Naïveté face au danger
Lorsqu’ils quittent leur pays, les migrants n’ont aucune idée de ce qui les attend, explique Ruby Irene Patka. Ceux-ci fuient la guerre, la dictature, l’anarchie ou encore des situations financières non enviables dans leur pays. La plupart d’entre eux, ne voulant pas aller en Europe, se rendent au Moyen-Orient, où ils se voient maltraités. Ce n’est donc pas par choix que les migrants traversent la mer Méditerranée.
Leur manque de connaissance de cette région les rattrape au pas de course et c’est là que l’Aquarius vient leur porter secours. « Ils ne connaissent pas la mer, la capacité de leur bateau. Les bandits leur disent que ça va leur prendre environ six heures pour traverser la mer. En réalité, ça nous prend 40 heures. Je ne peux pas imaginer comment ça leur en prendrait, s’ils se rendaient », a-t-elle raconté dans une conférence publique organisée par la Chaire en développement international.
Rôle de porte-parole
Ruby cherchait depuis deux ans à porter concrètement assistance aux rescapés. C’est donc avec enthousiasme qu’elle a transmis sa candidature à l’association SOS Méditerranée afin de devenir chargée de communication à bord de l’Aquarius. Son rôle : discuter avec les migrants et faire connaître leur histoire.
Ce qui désolait le plus la jeune femme, c’est que les médias ne l’appelaient qu’en cas de moments tragiques ou encore pour critiquer leur présence, de plus en plus accrue, en sol européen.
« Quand tu parles avec les gens, tu réalises qu’ils ont tous des histoires à raconter. Tu ne les considères plus comme quelqu’un qui vole un emploi, comme un poids pour la société. Ça devient des amis. On chante ensemble, on danse, on regarde les dauphins.
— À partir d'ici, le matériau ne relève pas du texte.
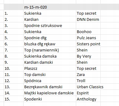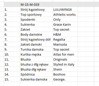 - различных размеров и категорий (блузки, брюки, толстовки, платья, куртки и т.д.)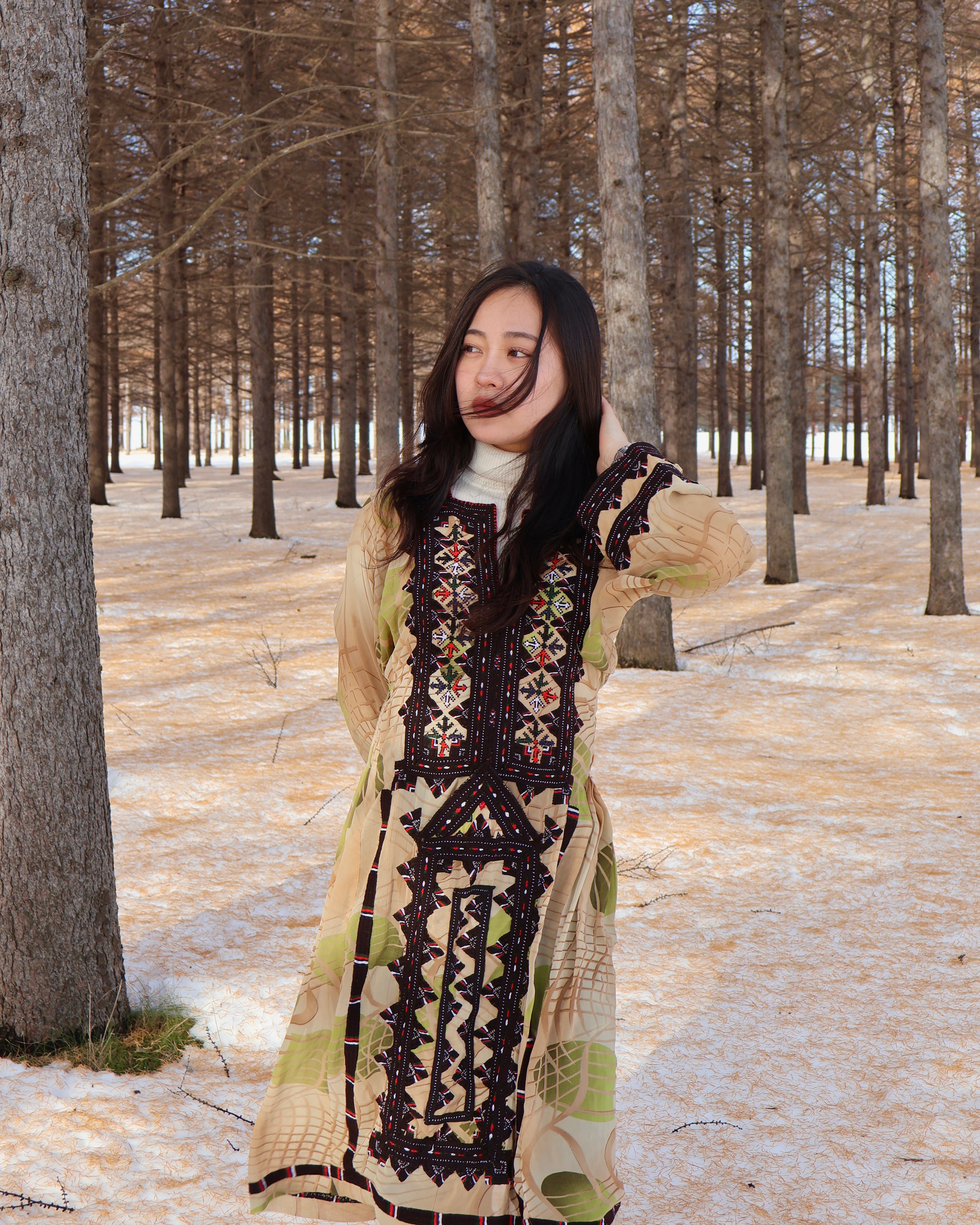 こちらは、柔らかなベージュ地にグリーンの刺繍が施された、落ち着いた中にも華やかさを感じる一着。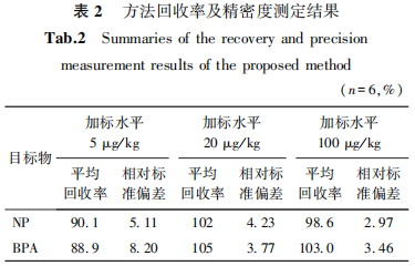 以实际空白样品进行3个水平的壬基酚和双酚A加标回收试验,加标水平分别为5.00、20.0和100 μg/L,每个水平进行6次平行试验,按照1.2.2前处理后,在1.2.3仪器条件下进行测定。其回收率结果如表2所示,NP和BPA的平均回收率在88.9% ~ 105%,相对标准偏差(RSD)为2.97% ~ 8.20%。

C’est un peu comme une grande famille », illustre-t-elle.
Ce que ça change dans une vie? Elle répond spontanément que ça remet tout en perspective. « Ça te donne une idée de comment la majorité des gens sur la planète vivent. C’est une belle démonstration de la solidarité entre humains. »
Des moments plus difficiles, elle en a vécus. Elle relate, entre autres, un moment où l’équipe de l’Aquarius a cherché pendant près de huit heures un groupe de migrants perdus dans la mer Méditerranée avant de le retrouver. « C’était le moment le plus émotif que j’ai vécu. Il est 11 h et il n’y a aucune trace du groupe. Il n’y a aucune lumière et on se demande si on va les retrouver », dit-elle.
Enrayer le problème
Bien qu’elle estime qu’il est primordial de porter assistance aux migrants en mer, Ruby Irene Pratka croit qu’il est nécessaire d’éliminer le problème à sa source. « Cela ne s’arrêtera pas tant que les décideurs politiques n’auront pas fait les bons choix. Tout le monde essaie de porter secours, mais ce n’est pas assez. Il fait se pencher sur les réels problèmes, ceux qui font fuir les migrants de leur pays », livre-t-elle.
Est-ce qu’elle retournerait à bord de l’Aquarius? Sans aucune hésitation. « S’ils me rappellent, j’y retourne. » À croire que l’expérience, bien qu’elle soit difficile, mentalement et physiquement, soit assez valorisante.